I got more reviews on it:), so heres another chapter:)! But I still want more reviews.. and I know I posted this yesterday, but still.. So ATLEAST 3 reviews on this one:), or not another chapter! And I kinda had writers block, so sorry if its's not that good:l. and it wasn't what you've been waiting for JUST yet. I thought it was going to be but NEXT chapter :) promise

Chapter 7~ John

Miley POV

First thing I thought when I walked in this school was...wow. Julliard, performing arts! For the first time since highschool, I didn't want anyone to know I had a baby. The truth was no one HAD to know, this was a new start a new life. I get to live in a dorm, I can make friends, again. I laughed quietly to myself. This was, something, sometings going to work this year. After we got my dorm number, and key. Alexandria, and dad walked me up. Theres so many different types of people here. I didn't feel strange.

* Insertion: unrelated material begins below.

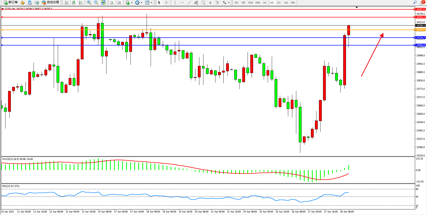 道琼斯指数DJ30——4小时K线图显示:

"I guess this is it" Dad said, hiding a tear.

"I'ts okay to cry sometimes" , I paused wiping a tear out the corner of my eye. "Isn't that what you told me. I pointed at his chest with a small chuckle.

"Yes" he smiled sadly. "When can you come visit?" Dad asked. I checked my schedule, trying hard not to look at Alex, knowing I would probably breakdown. IT wasn't good to make a scene on your first day.

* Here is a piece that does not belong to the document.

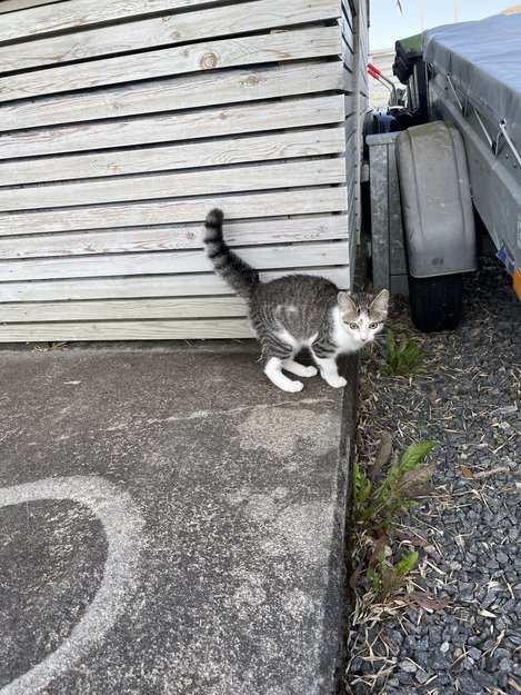 Kattunge oppholder seg ved huset vårt på Gausel. Mjauer mye, er ikke sulten, og virker tam. Altfor ung til å være ute på egenhånd. Vi kan ikke ta den inn pga hund. Er det noen som eier den, eller som kan ta den inn?

"A month,they've given us a week to visit family" I sighed. Finally reaching out for my baby, to say my last words to her.

"I know you think your abandoning her" Dad paused. "Your not your trying to be a good mother. He replied. Giving a quick kiss on my forehead. Leaving to get a cup of coffe, so me and Alexandria could be alone. We embraced for a few minutes, until I pulled something off my neck. A necklace my mother gave me before she died.

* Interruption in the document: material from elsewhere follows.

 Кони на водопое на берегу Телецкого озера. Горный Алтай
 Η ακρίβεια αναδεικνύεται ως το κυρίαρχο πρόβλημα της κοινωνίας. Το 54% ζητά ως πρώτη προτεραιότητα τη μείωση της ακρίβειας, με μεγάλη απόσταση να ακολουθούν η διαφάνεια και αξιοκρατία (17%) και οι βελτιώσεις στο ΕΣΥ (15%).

"I want to give this to you baby" I cried. "I'll be home soon, so don't forget me" I finished saying. It was a diamond necklace. Ingraved with 'My love will last forever'. I clicked it behind her neck, and I think she understood. She was crying to. I kept telling her 'don't cry don't cry'. I couldn't help it, I was crying to. Then we said our goodbyes, and they left. People leave but they alwayas come back. So I unpacked my stuff and somehow moved on from the pain.

An hour later I heard a knock on the door.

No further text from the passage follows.